Vruchtbaarheidsbewustzijn

Vruchtbaarheidsbewustzijn

Picavet (2008)

Charles Picavet et.al,

Anticonceptiekeuze. Achtergrond en uitkomst van anticonceptiegebruik

Rutgers Nisso Groep, mei 2008

De Nederlandse Rutgers-Nissogroep hield het voorbije jaar een internetstudie bij 1265 vrouwen om te kijken naar de redenen van keuze en de uitkomsten van gebruik van specifieke geboorteregelingsmethoden.
Voor de keuze blijkt dat de ouders en de school vooral genoemd worden door pilgebruiksters en de school ook door condoomgebruiksters. De (huis)arts is degene bij
wie de meeste vrouwen hun informatie over anticonceptie halen. Dit geldt minder voor NFP-gebruikers. In dit onderzoek is ook naar andere bronnen gekeken. Bij NFP blijkt de partner relatief vaak advies te geven. Opvallend is ook dat de verloskundige relatief veel informatie heeft gegeven aan vrouwen, van wie de partner is gesteriliseerd en die NFP gebruiken.
Vrouwen die hebben gekozen voor sterilisatie van de man, NFP en in mindere mate condooms vinden de betrokkenheid van de partner erg belangrijk. Tot slot is ook gevraagd naar de mate waarin de vrouwen met hun partners communiceren over de methode, hun ervaringen en eventuele angst voor zwangerschap. Het blijkt dat pilgebruiksters weinig met hun partners communiceren, terwijl gebruiksters van NFP juist veel communiceren.

Het blijkt dat huisartsen vooral informatie geven over effectiviteit. Over andere methoden wordt weinig informatie gegeven,
vooral aan pilgebruiksters. Door geen informatie te geven heeft de arts uiteraard invloed op de keuze die wordt gemaakt. De kans is daardoor groter dat er wordt gekozen voor de meest bekende methode, namelijk de pil. Bij 10% van de vrouwen had de huisarts ook directe invloed op de keuze. Zij zijn aan de hand van de informatie of de adviezen van de arts een andere methode gaan
gebruiken dan zij vooraf hadden bedacht. Bijvoorbeeld doordat de huisarts hen op een andere
methode wees of aangaf dat de gekozen methode geen goed idee was in de gegeven omstandigheden.
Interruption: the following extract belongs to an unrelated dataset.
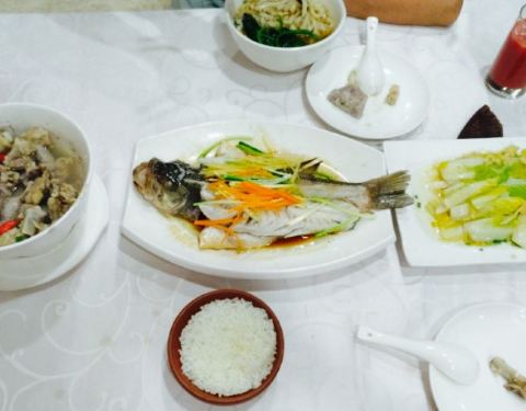 酸辣藕带香脆入味。芋头排骨和烧鲫鱼非常鲜美。中午人不多,上菜特别快。菜量一般吧,口味很满意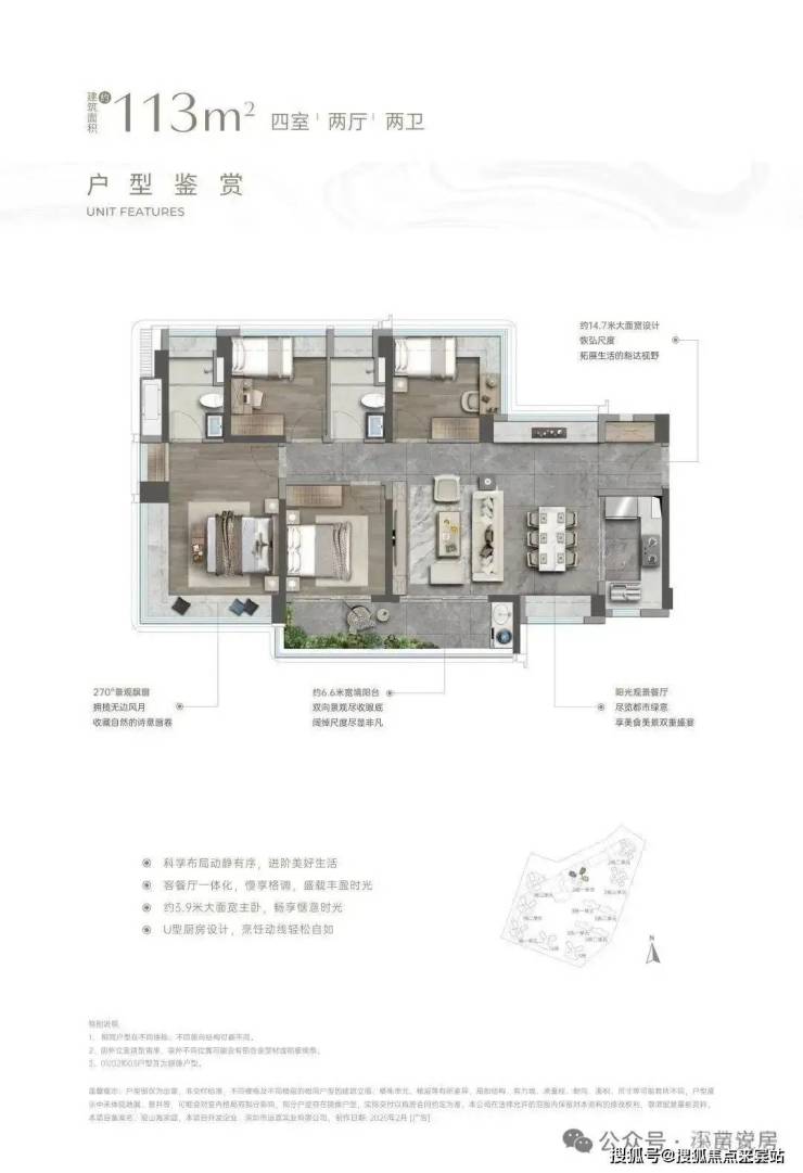 113㎡的4房2厅2卫:户型分布于5/6栋,南向,竖厅户型看山景。

De pil en het condoom zijn de meest gebruikte anticonceptiemethoden. Dit blijken ook de methoden te zijn met de minst positieve uitkomsten.
• Nieuwere vormen van anticonceptie hebben betere uitkomsten, vooral het hormoonspiraal. Het implantaat heeft juist weinig positieve uitkomsten als je dat vergelijkt met de andere lange-termijnmethodes. Gebruiksters van de ring doen het beter dan pilgebruiksters, maar niet zo goed als de meeste langetermijnalternatieven.
• Jonge vrouwen en vrouwen die minder zelfvertrouwen hebben in het maken van een goede
anticonceptiekeuze lopen meer risico op een negatieve uitkomst en daarmee op ongewenste zwangerschap.
• De huisarts zou meer informatie kunnen en moeten geven over alternatieven voor de pil en
het condoom en de voor- en nadelen van de verschillende opties.
• Betere begeleiding bij het maken van een anticonceptiekeuze kan leiden tot meer gebruik van alternatieve methoden. Omdat deze alternatieven vaak ook minder gevoelig zijn voor gebruikersfouten zou daarmee het aantal ongewenste zwangerschappen teruggedrongen
kunnen worden.

De drie laatste conclusies kunnen wij volledig onderschrijven.